---- Information shown
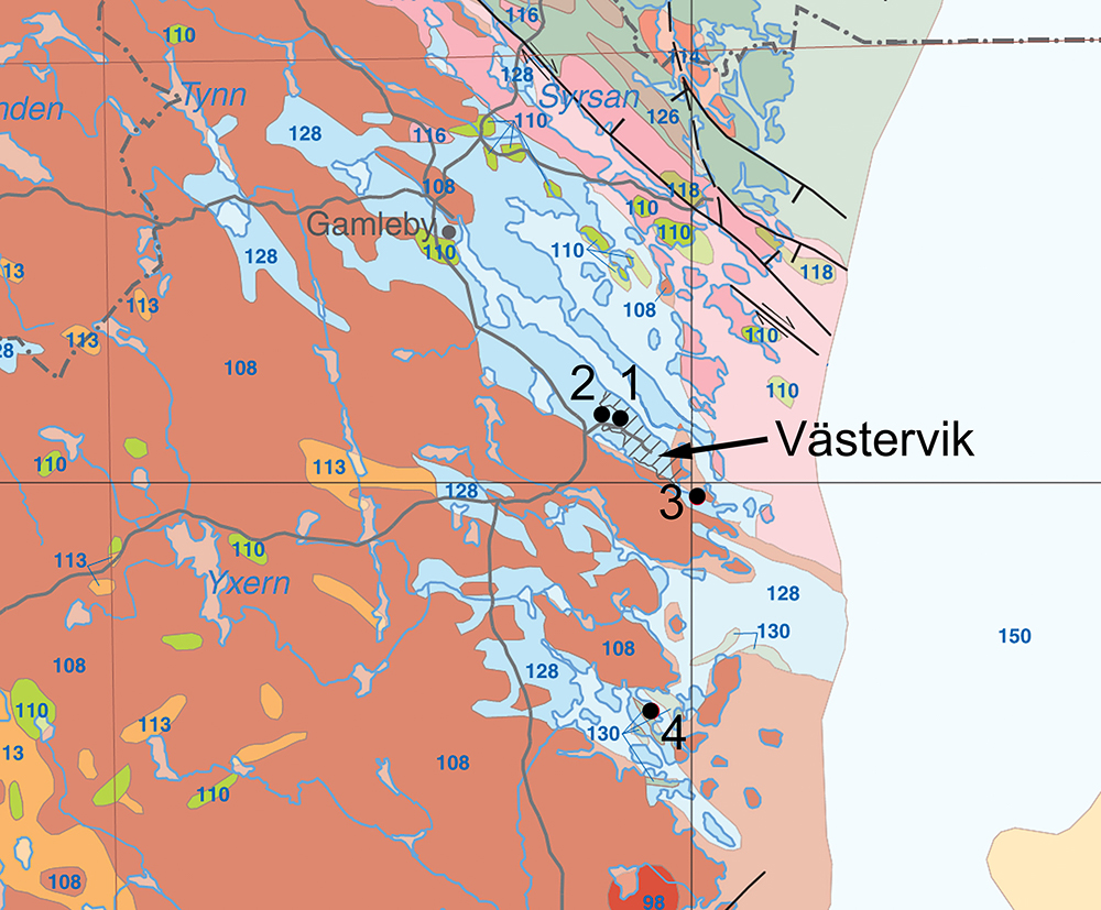 (9/34) Geologische Übersichtskarte des Västervik-Gebietes. Quelle: SGU (Details siehe Text.)
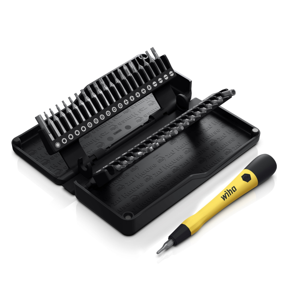 Das Micro Bit Set von Wiha zai Hause – perfekt für alle Micro-Verschraubungen und filigranen Anwendungsfälle, bei denen Fingerspitzengefühlt gefragt ist.
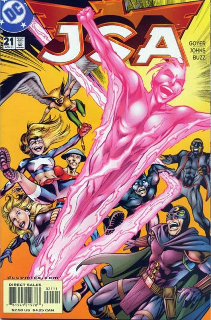 Winding down after the battle with the Injustice Society, Black Adam is trying to join the JSA, Hawkgirl is troubled by blackouts and nightmares, and finds out things about herself from Zauriel. Wildcat talks to Killer Wasp and discovers the fate of his kidnapped son while Alan Scott finds out his son is still alive. Dinah Lance and Pieter Cross finally have a quiet date and Flash gets shown around in ancient Egypt. And Mr. Terrific overhears a conversation between Star-Spangled Kid and Jakeem Thunder that makes him smile.
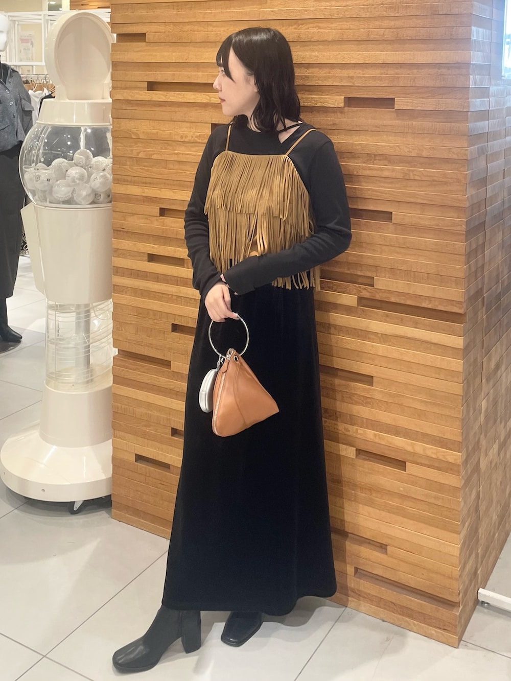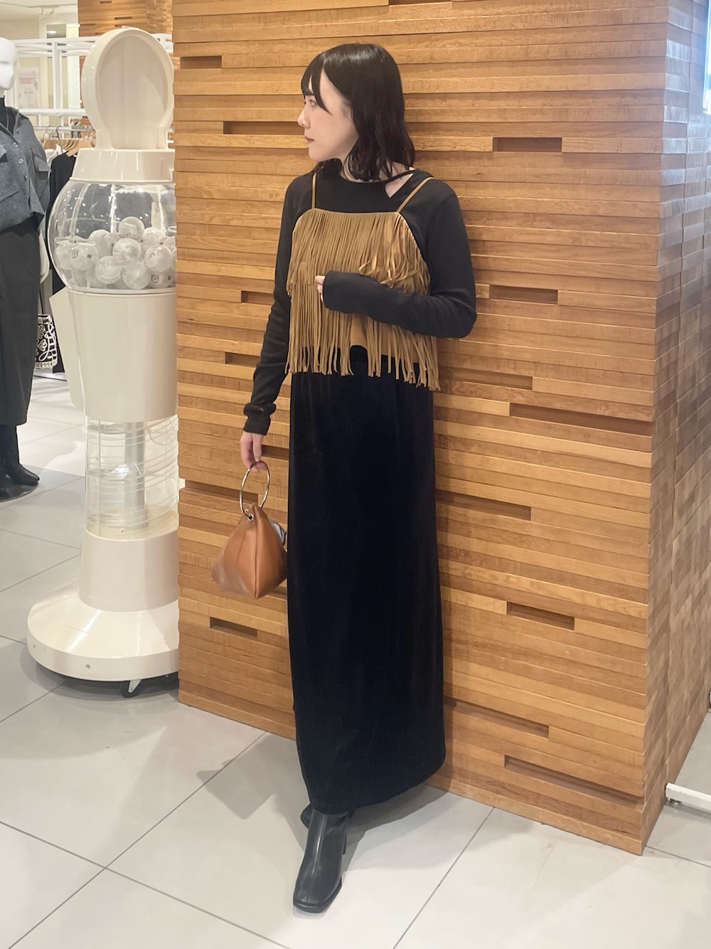 フリンジキャミは秋っぽくキャミ1枚合わせるだけで一気に抜け感が出るのでおすすめです
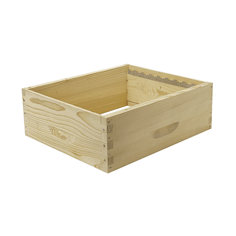 La hausse de ruche à tenons Dadant 11 cadres "Made In France" est composée de crémaillères posées et d'une bande inter-cadres non posée.
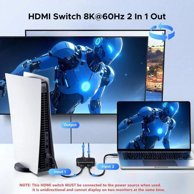 Note: 1, This HDMI 2.1 splitter MUST be connected to the power source when used. 2, Not support Switch Automatically. 3, Don't support ARC/eARC. 4, If want to achieve 8K@60Hz resolution, we recommend that you use a certified HDMI 2.1 cable that is less than 9.9ft AWG28. 5, Power Cable is Included, But HDMI cables and Power Adapter are NOT Included. 6, NOTE: It is unidirectional and does not support 1-in 2-out mode, so it cannot display on two monitors at the same time.
--------
= Assignment =
Pictures stay out. Repeat only the lines from the beginning of the data through the line that has "La hausse de".

= Completed task =
 (9/34) Geologische Übersichtskarte des Västervik-Gebietes. Quelle: SGU (Details siehe Text.)
 Das Micro Bit Set von Wiha zai Hause – perfekt für alle Micro-Verschraubungen und filigranen Anwendungsfälle, bei denen Fingerspitzengefühlt gefragt ist.
 Winding down after the battle with the Injustice Society, Black Adam is trying to join the JSA, Hawkgirl is troubled by blackouts and nightmares, and finds out things about herself from Zauriel. Wildcat talks to Killer Wasp and discovers the fate of his kidnapped son while Alan Scott finds out his son is still alive. Dinah Lance and Pieter Cross finally have a quiet date and Flash gets shown around in ancient Egypt. And Mr. Terrific overhears a conversation between Star-Spangled Kid and Jakeem Thunder that makes him smile.
 フリンジキャミは秋っぽくキャミ1枚合わせるだけで一気に抜け感が出るのでおすすめです
 La hausse de ruche à tenons Dadant 11 cadres "Made In France" est composée de crémaillères posées et d'une bande inter-cadres non posée.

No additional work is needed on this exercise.